3. Unsure, she has moved on, but there is no alternative.
:::
::: {.callout-important collapse="true"}
## Solution: Example 4 (\~ 5 minutes)
1. Yes, via DOI https://doi.org/10.5281/zenodo.10650333.
2. The first author as listed corresponding author in the article.
3. Yes, and he also connected his ORCID profile.
:::
## Repository
Repositories are database systems to document, store and publish digital objects. Thereby, they ensure visibility (via metadata) and sustainability (via use of PIDs) of the digital objects they are holding. Repositories can be:
- Discipline-specific (e.g. OpenNeuro)
- General (e.g. Zenodo, OSF)
- Institutional (e.g. Edmond MPG, Open Data LMU)
If available, discipline-specific repositories are preferable, because these are commonly used in a specific research field and researchers will most likely start searching for data in those repositories. The "Registry of research data repositories" ([Re3data.org](https://www.re3data.org/)) provides a collection of repositories with very nice search and overview functions. E.g., you can browse by subject (i.e., discipline).
![re3data.org](images/re3data.png){fig-align="left" width=50%}
When looking for a repository there are various criteria that should be considered.
### Criteria
- Is the data completely open? Can I control access or set an embargo period?
- Under what license can I publish data?
- Does the repository provide a persistent identifier?
- Is the repository certified as an indicator for its sustainability?
- What are the costs?
- What are the user rights?
- Where are the data hosted? Is this compliant with the General Data Protection Regulation?

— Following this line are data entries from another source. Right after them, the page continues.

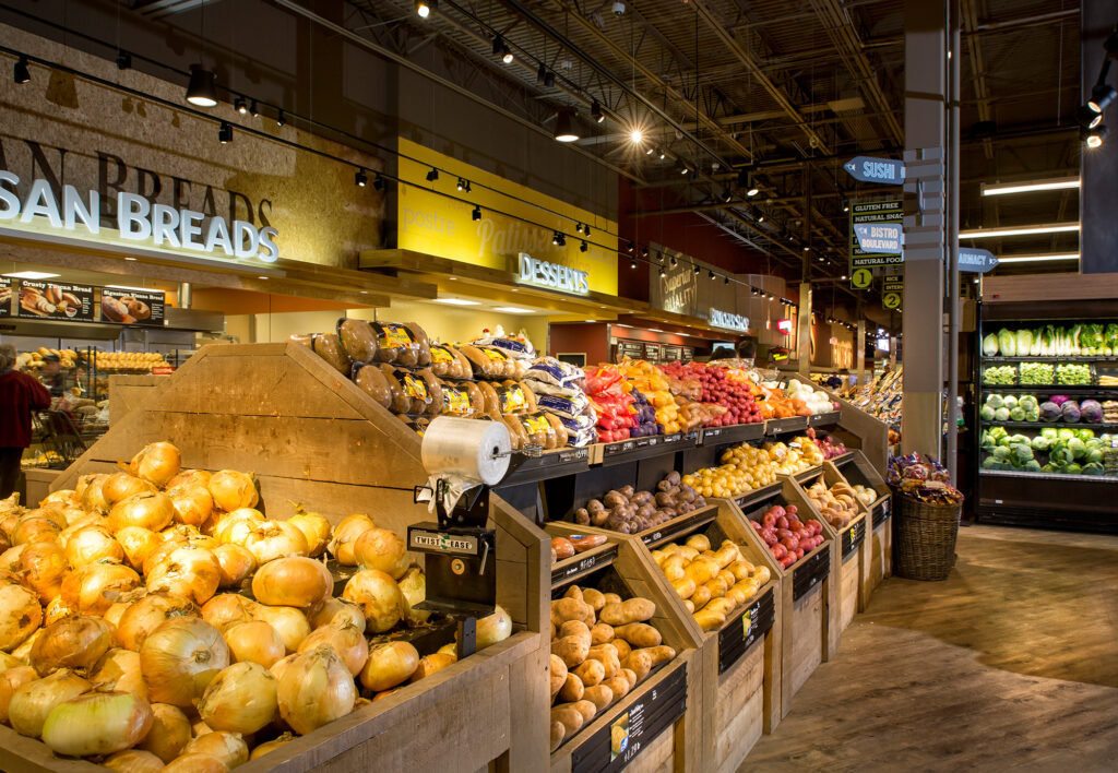The formula to both parts of the equation is the right lighting. Good retail lighting moves merchandise and directs shoppers with effective wayfinding. The right lighting will guide customers through the store to the bright fresh and prepared food sections where theatrical lighting puts the spotlight on produce, meat, seafood and prepared foods.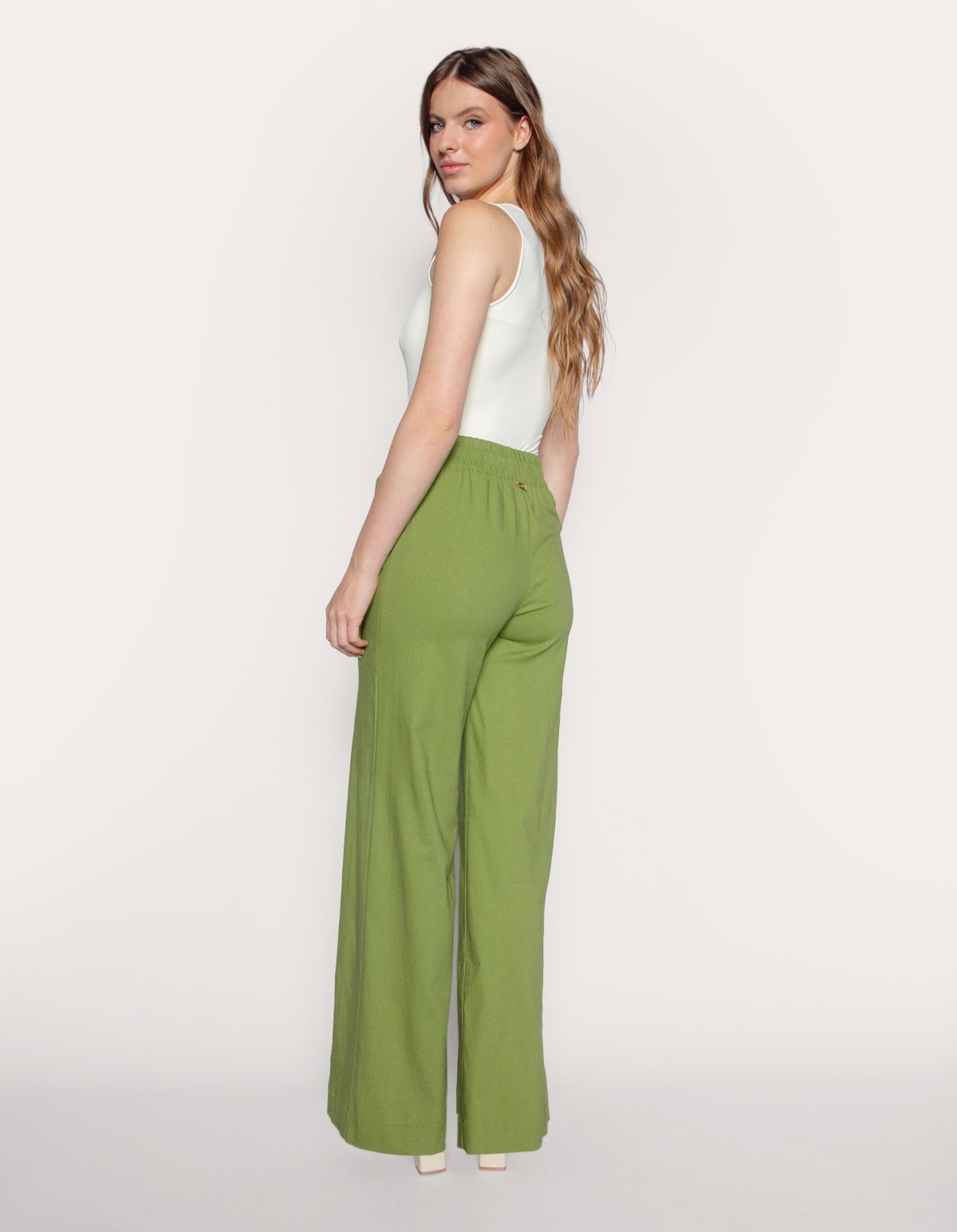 Calça pantalona confeccionada em viscose com linho. Possui cós com passante acompanhado de cinto faixa meia argola no mesmo tecido e elástico franzido na cintura costas, bolsos faca funcionais. É a escolha perfeita para quem busca conforto e estilo!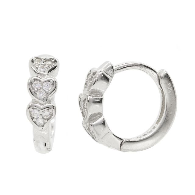 Argola de prata pura 925 com detalhes em formato de coração cravejados com pedras de Zircônias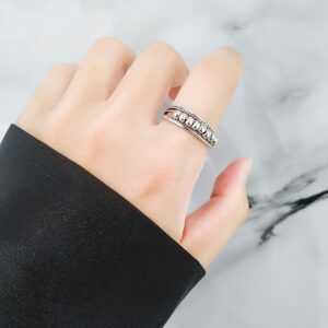 S925 Sterling Silver Ring Opening Adjustable Tin Foil Texture Ladies Ring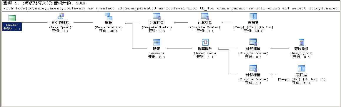 接下来就可以使用该关键字创建存储过程返回结果集,并附加每条记录所位于的“层”数,如下图所示: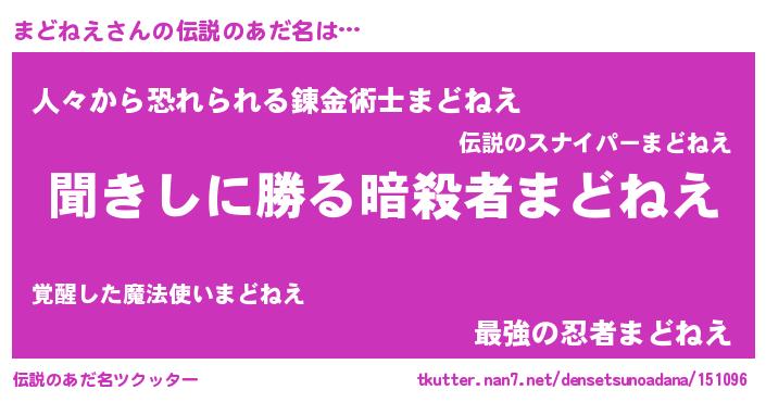 | 意味不明あだ名 | 『永久保存まどねえ』 |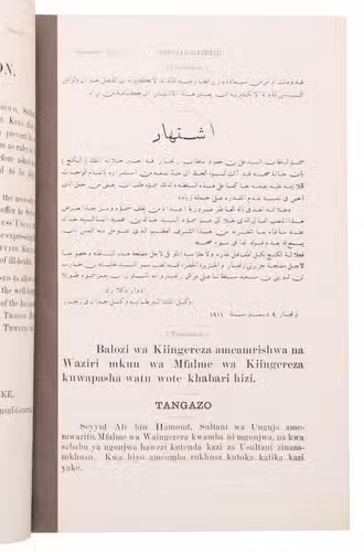Zanzibar consists of a few islands located in the Indian Ocean off the coast of Tanzania. Historically, it has played an important role in the trade across the Indian Ocean, between the African Great Lakes, the Somali Peninsula, the Arabian Peninsula, Iran, and the Indian subcontinent. The Zanzibar archipelago was discovered by Vasco da Gama (ca. 1460-1524) in 1498 and became part of the Portuguese Empire, until it fell under the control of the Sultanate of Oman in 1698. Somewhat gradually the power over the islands came into the hands of the British Empire in the 19th century, and Zanzibar became an official British Protectorate in 1890. The present work was printed during this time. The Protectorate was terminated in December 1963 and Zanzibar then became a constitutional monarchy within the Commonwealth. However, just a month later in early 1964, the Zanzibar Revolution began. During this bloody event, the Sultan was deposed and the sultanate replaced by a socialist government. In April 1964, Zanzibar merged with Tanganyika on the mainland, and the names of the two countries were combined into Tanzania. Zanzibar is currently an autonomous region within this country.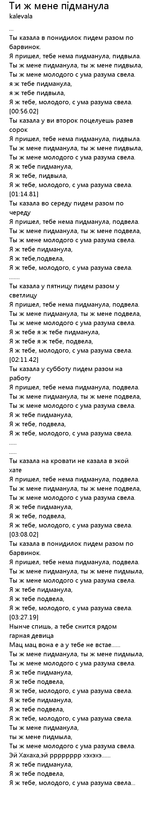 [03:14.54] Ты ж мене пидманула, ты ж мене пидмыла,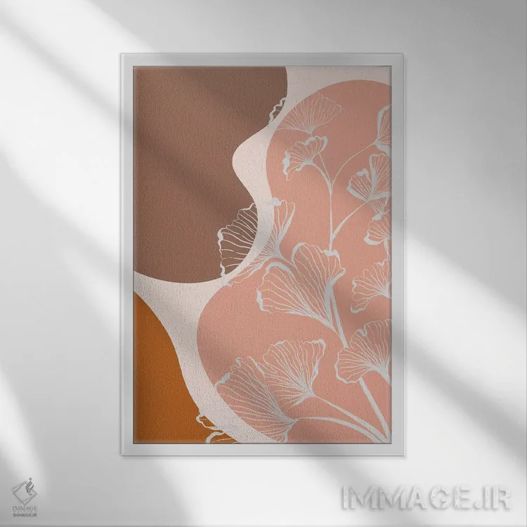 اگر دوست دارید دیوار روشنتر و آرامتر دیده شود، «اشکال آلی و برگهای جینکو» اثرِ «آلیسا گالیتسینا» فضا را نرمتر و مهماننوازتر میکند، برای نشیمنهای روشن گزینهٔ مناسبیست. در کنار گیاهان آپارتمانی، هماهنگتر هم میشود.

- Is there a limit to the amount of data I can upload?
When searching re3data, most of these criteria are displayed beside the repository via icons, so you can immediately check whether a potential repository fulfills your requirements.
![Criteria icons in re3data.org](images/re3data-criteria.png){fig-align="left" width=35%}
::: callout-tip
## Task 1.4:
- Which repository was used to publish your dataset?
- Can you find that repository on re3data.org?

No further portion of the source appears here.